Sherman R M, Waddell J P
Clin Orthop Relat Res. 1986 Jun(207):55-63.
In a retrospective analysis of 149 patients with metastatic spinal tumors, the postoperative outcome was compared in patients who had posterior decompressive laminectomies alone (PL) and patients who had supplemental posterior stabilization at the time of laminectomy (PLS). The object of the analysis was to define the indications for stabilization. Posterior stabilization relieved pain, improved sphincter function, and encouraged ambulatory status. The use of adjunctive radiotherapy preceding laminectomy did not significantly improve the patient's postoperative course. Sex, age, initial symptom, length of time from onset of initial neurologic symptom to the time of laminectomy, the presence or duration of pain or sensory loss, the number of vertebrae involved with tumor, and the presence of widespread metastatic disease did not seem to influence the results of the surgical treatment. The presence of significant motor dysfunction, which was rapidly progressive before surgery, or profound sphincteric dysfunction prior to decompressive laminectomy was more frequent in patients who had unsatisfactory results. Decompressive laminectomy with stabilization should be considered in patients: with progressive neurologic symptoms, who are ambulatory, but whose pain increases despite radiotherapy, and who are ambulatory and were receiving radiotherapy for pain relief but who display neurologic dysfunction. For patients with established paraplegia and sphincter dysfunction, decompressive laminectomy and posterior stabilization are adjunctive measures of pain control.
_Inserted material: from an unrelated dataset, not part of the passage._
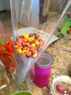 3. Top the cake mix with the Reese's Pieces candies.
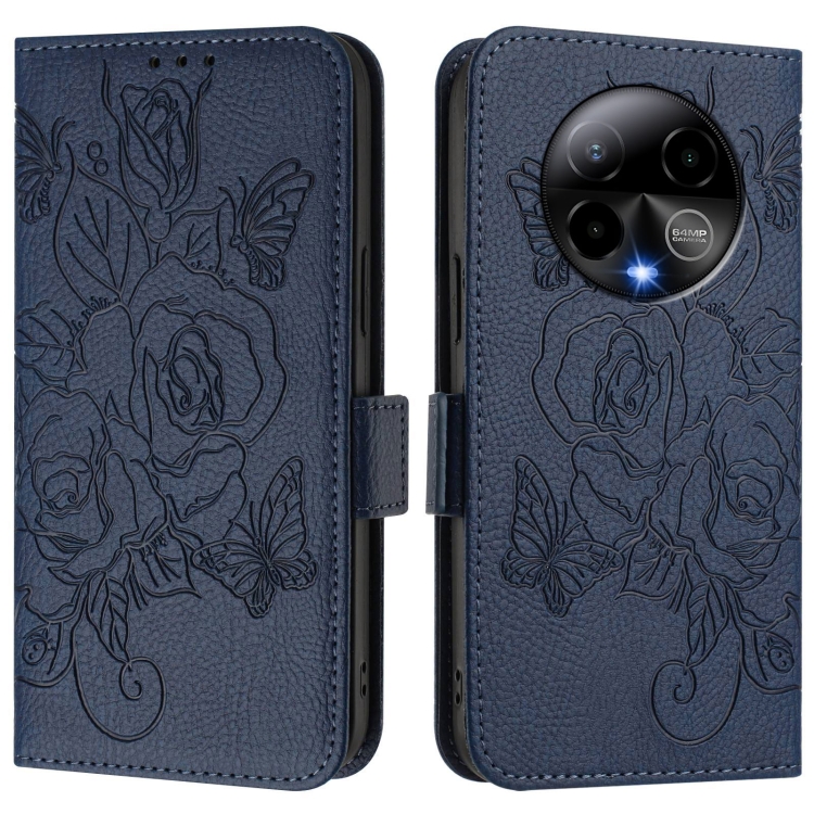 Funda de Cuero Antirrobo RFID con Relieve para Blu Bold K50 (Azul Oscuro)

在一项对149例转移性脊柱肿瘤患者的回顾性分析中,对比了单纯接受后路减压椎板切除术(PL)的患者与在椎板切除术时同时接受后路稳定术(PLS)的患者的术后结果。该分析的目的是确定稳定术的适应证。后路稳定术可缓解疼痛、改善括约肌功能并促进患者行走状态。在椎板切除术前行辅助放疗并不能显著改善患者的术后病程。性别、年龄、初始症状、从最初神经症状出现到椎板切除术的时间长度、疼痛或感觉丧失的存在或持续时间、受累椎体数量以及广泛转移性疾病的存在似乎均不影响手术治疗结果。术前存在明显且进展迅速的运动功能障碍或在减压椎板切除术之前存在严重括约肌功能障碍的患者,手术效果不满意的情况更为常见。对于以下患者应考虑行减压椎板切除术并进行稳定术:有进行性神经症状、能够行走但尽管接受放疗疼痛仍加重的患者,以及能够行走且因疼痛接受放疗但出现神经功能障碍的患者。对于已发生截瘫和括约肌功能障碍的患者,减压椎板切除术和后路稳定术是控制疼痛的辅助措施。